1. Tell about how you came to recognize your call to work in youth ministry?

2. Offer a reflection on any portion of current events from the perspective of the Gospels.

3. What have you done in the past year to continue in the formation of your faith?

4. What connection do you see between your work in youth ministry and mission of the global church?

5. When considering scripture, what is the most important message to carry to young people?

6. What experience have you had with planning and leading liturgical services?

7. What are the goals and principals of Catholic youth ministry, as set forth in Renewing the Vision?

8. What is your vision for adolescent catechesis?

9. What are some strategies that would help a youth minister do the work of an evangelist?

10. What are the pastoral care issues that are the most critical for adolescents today?

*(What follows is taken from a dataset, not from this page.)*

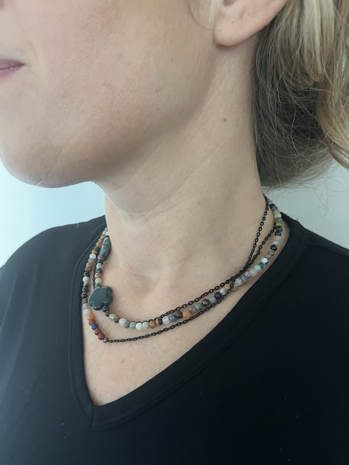 EYEGLASS Chain/Jewelry/Necklace/Bracelet/Real Stone Beads/Black S.Steel/BOHO/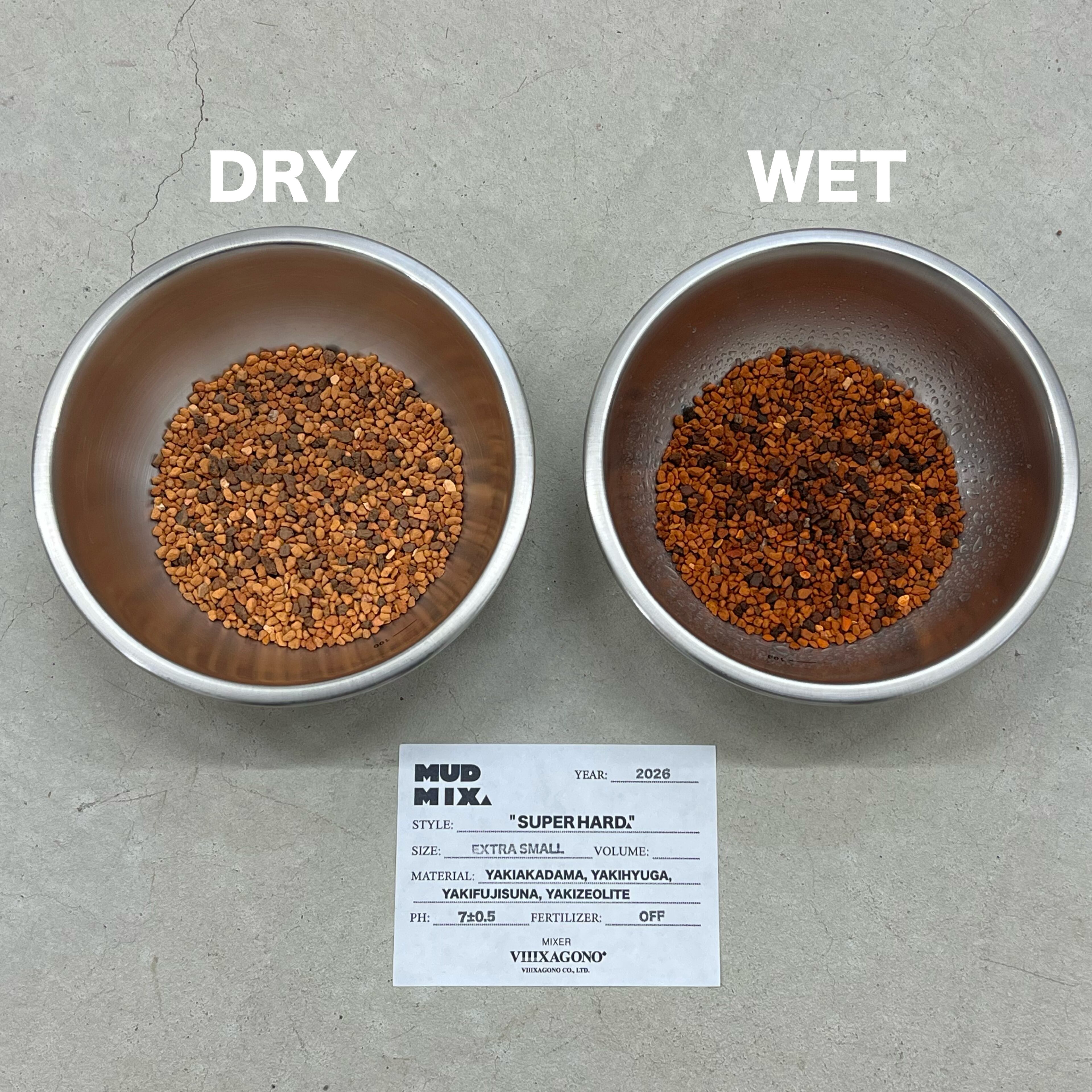 ※写真のステレンスボウルに入っている用土は乾燥状態と水で濡れた状態の比較画像です。

Whether the search is for a full time paid coordinator or a volunteer coordinator, interview teams need to keep these basic qualifications in mind as they listen to those being interviewed:

• An understanding of youth culture, able to affirm what is good in the adolescent world

• Experience managing volunteers in small and larger tasks

• Successful experience of working with adolescents

• Catholic and able to model Catholic values and morals.

• Awareness of and ability to positively represent the teaching of the Catholic Church

• Ability to take direction from a supervisor and to work collaborative

Like the standards above, this simple list is easy to articulate but difficult to measure in an interview. If an interview team has not be able to hear about a candidates ability in one or more of these areas, the team members must be ready to ask directly for the candidate to give examples.

• Give an example of something in the culture of today’s adolescents that is worth affirming.

• Tell about a project where you were responsible for managing volunteers

• What has been your best experience of working with adolescents…your worst?

• Who is someone who has modeled Catholic values and morals for you?

• Are their any teachings of the Catholic Church that you could not represent to young people accurately and positively?

• Share a positive experience of supervision [where you the supervisor or supervised]

When choosing a coordinator for your youth ministry for the parish, be familiar with the job description. Gather a team together for the interview that is diverse in age and role within the parish youth ministry program. Be clear about who has the final decision in the hiring. In parishes, it is ultimately the pastor’s responsibility to hire which the interview committee recommends candidates to hire. Interview committees should have some basic answers to questions regarding salary, budget, benefits, and accountability.

Twenty?five years ago, pizza, guitars and vans were the criteria for selecting the parish youth minister. Today, the criteria seem less epic but much more to the point.

*Many of these questions are adapted from Growing in Competency: A Self Assessment Tools for Youth Ministry Leader, written and Catherine Becker and published by NFCYM.